Could you retype exactly the lines below between the one holding "第二,租电方案隐藏关键条款,之前只说月租" and the one holding "幾分鐘后,民警趕到現(xià", inclusive, leaving out any pictures?
=== Section Start ===
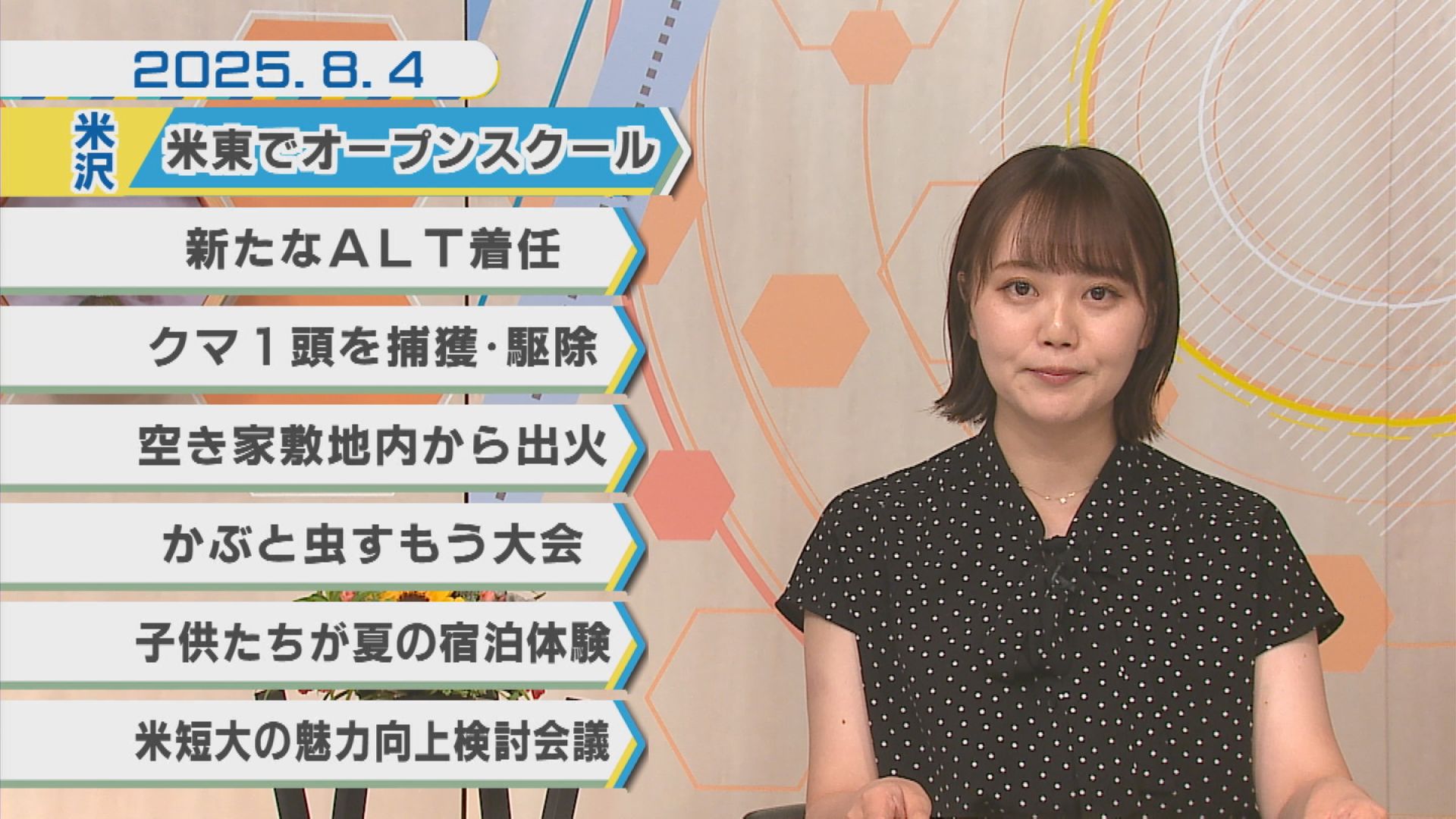 8月4日のNEWSラインナップ①「米沢東高でオープンスクール…中学生が高校の授業体験」②「南陽市に新たな外国語指導助手が着任」③「川西町玉庭でクマ1頭を捕獲・駆除」ほか【ミニ企画】FUN!FUN!おきたま(米沢ダンスコミュニティ・アルメール)
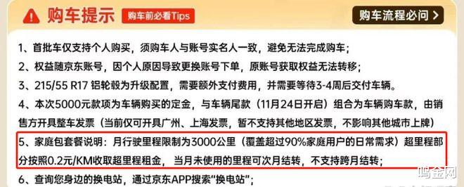 第二,租电方案隐藏关键条款,之前只说月租费用399块。交车后才知道还有“每月限行3000公里”的限制,超额按0.2元/公里收费。大家不是不能理解3000公里的要求,普通人一天100公里绝对够用了,目的大概率是避免有人去搞营运薅羊毛。可这事为何不能提前说清楚,大家反感的是京东先斩后奏不尊重车主的态度。
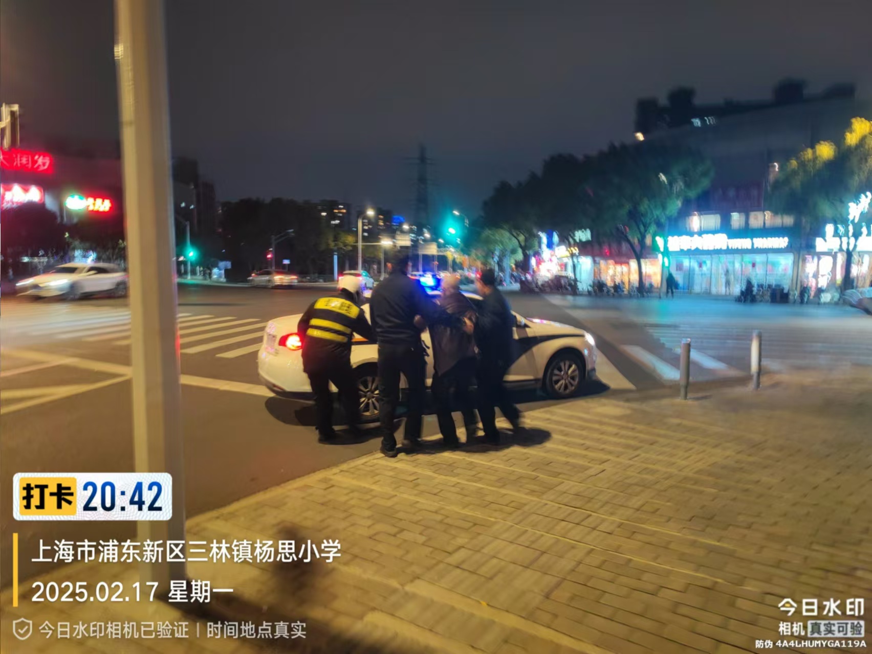 幾分鐘后,民警趕到現(xiàn)場。龐寶山和王程博協(xié)助民警核實(shí)男子身份,并配合民警將男子轉(zhuǎn)移到警車上。兩人直到民警帶男子駕車離去,才返回崗位繼續(xù)進(jìn)行巡查。
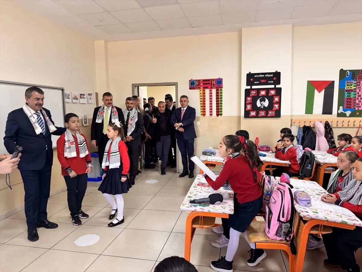 Milli Eğitim Bakanlığınca Türkiye’deki tüm okullarda bugün başlatılan “Filistin Farkındalık Etkinlikleri” kapsamında Ömer Duygun İlkokulu’na gelen Tekin’i, öğrenci ve öğretmeler Filistin atkıları ile karşıladı.
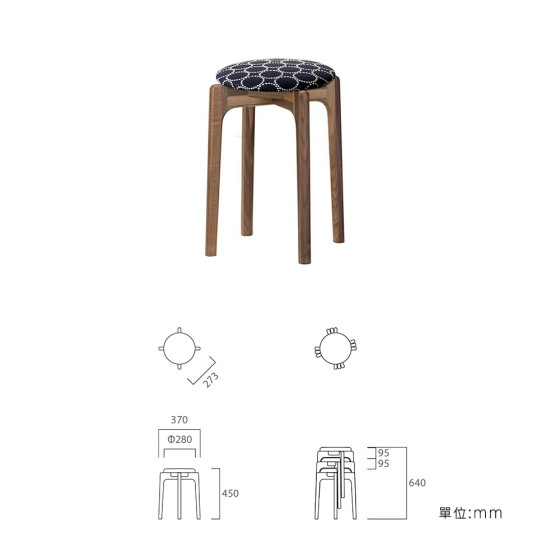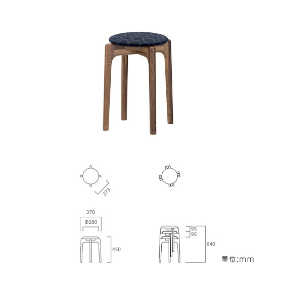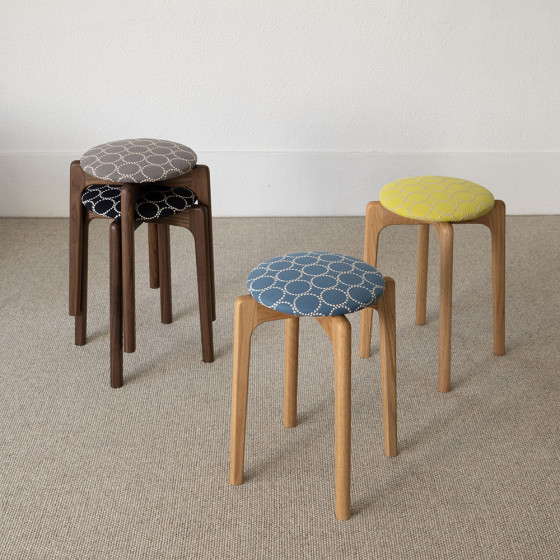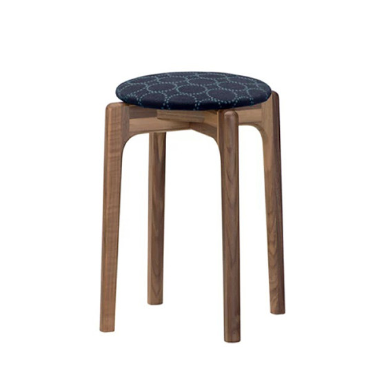 Stacking Stool 堆疊圓凳(胡桃木、靛藍鈴鼓布料)
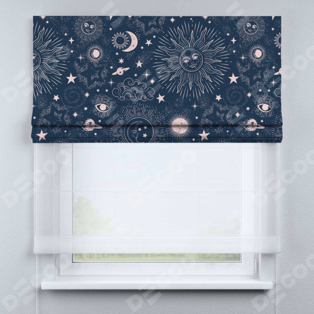 Римская штора день-ночь производителя «Cortin», используется для проёма, пошита из двух полотен, с лицевой блэкаут с нанесением сублимационной печати «Звёзды и планеты», вторая ткань тюль (по стандарту комплектуется тюль белого цвета артикул V-01). Имеет универсальный механизм и подходит для монтажа: на потолок, на стену и в нишу.
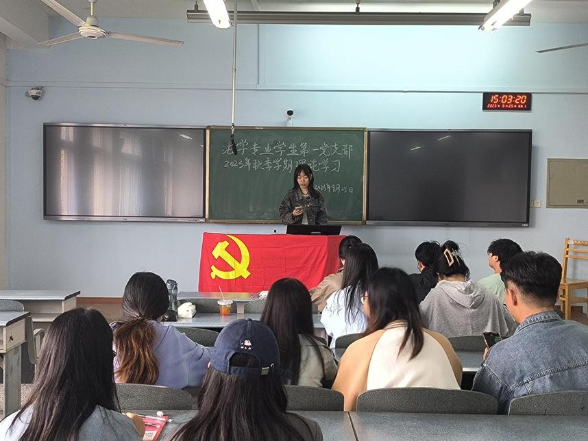 為深入理解和貫徹黨的二十大精神,牢記黨的中心任務,以高質量發展為首要任務,推動支部理論學習再上新臺階,法學院法學專業學生第一黨支部于9月25日15時在博學樓A502開展習近平總書記在四川考察期間的重要講話精神專題學習。本次活動由見習支委劉妞妞同志主持,黨支部全體同志積極參與。
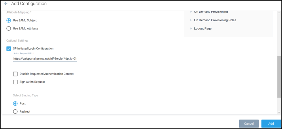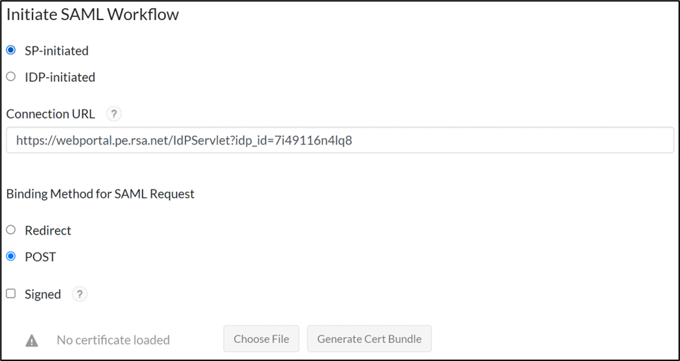 Authn Request URL: Enter the Identity Provider URL of Configure RSA Cloud Authentication Service section.
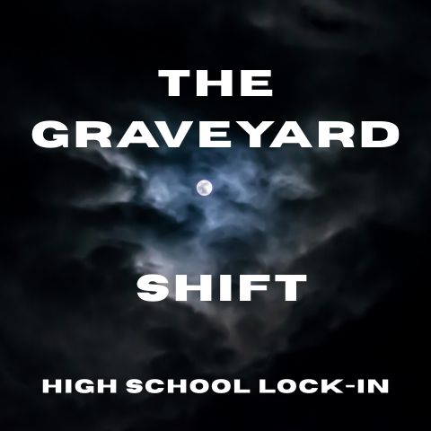 The Graveyard Shift is an overnight lock-in for high school students packed with late-night fun, team competition, and meaningful moments. Expect tons of snacks, high-energy team games (some in the dark), chill spaces with board games, movies, and time around a campfire to hang out and connect. Students will earn points throughout the night as they compete with their teams, with prizes on the line.
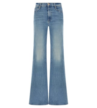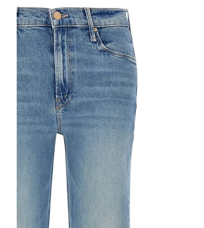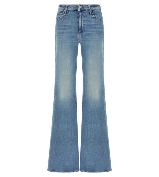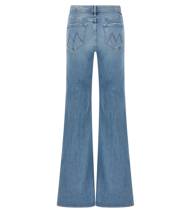 Elevate your wardrobe with the Mother Denim Light Blue Bootcut Fit Jeans. Designed with light blue, concealed fly and button fastening, belt loops, classic five pockets, mini logo tag, these trousers combine comfort and sophistication for everyday wear.
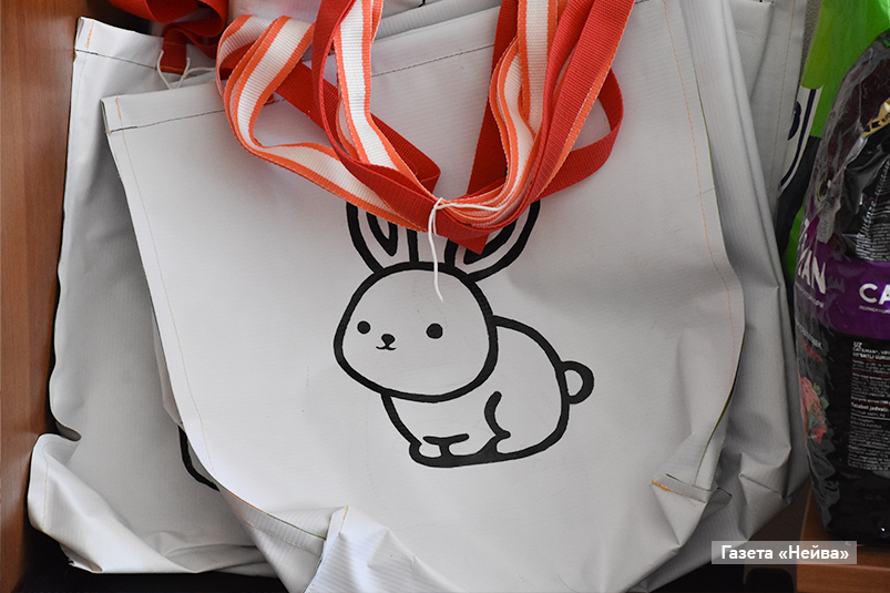 Сумочки были на любой вкус: с изображениями кроликов, котиков, гусей, забавных мемов. Их Кристина наносила вручную с помощью акриловой краски. Корм в обмен на эксклюзивную сумку приносили и коллеги, сотрудники УЭХК, и школьники, и друзья, и знакомые Кристины.
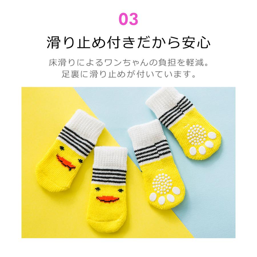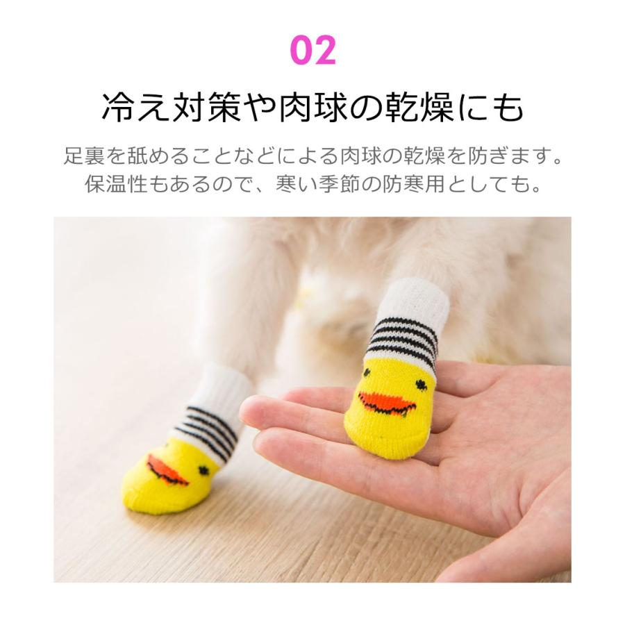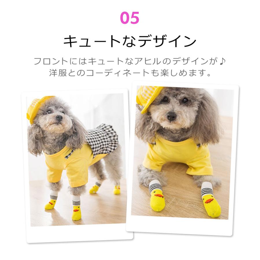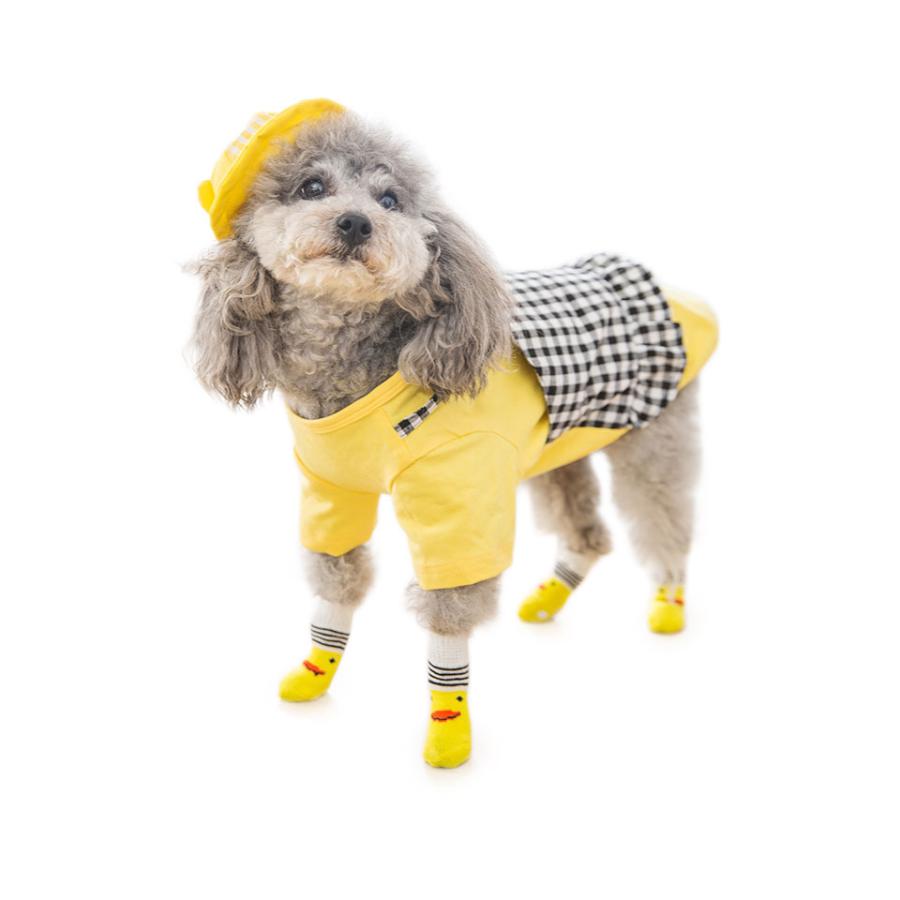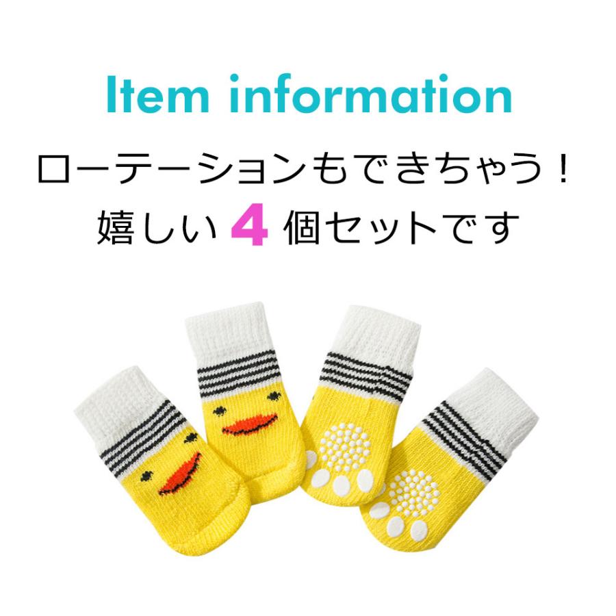 フロントにキュートなアヒルのデザインがある犬用靴下。ドッグウェアとのコーディネートも楽しめる犬用靴下です。
=== Section End ===
The completed task:
 第二,租电方案隐藏关键条款,之前只说月租费用399块。交车后才知道还有“每月限行3000公里”的限制,超额按0.2元/公里收费。大家不是不能理解3000公里的要求,普通人一天100公里绝对够用了,目的大概率是避免有人去搞营运薅羊毛。可这事为何不能提前说清楚,大家反感的是京东先斩后奏不尊重车主的态度。
 幾分鐘后,民警趕到現(xiàn)場。龐寶山和王程博協(xié)助民警核實(shí)男子身份,并配合民警將男子轉(zhuǎn)移到警車上。兩人直到民警帶男子駕車離去,才返回崗位繼續(xù)進(jìn)行巡查。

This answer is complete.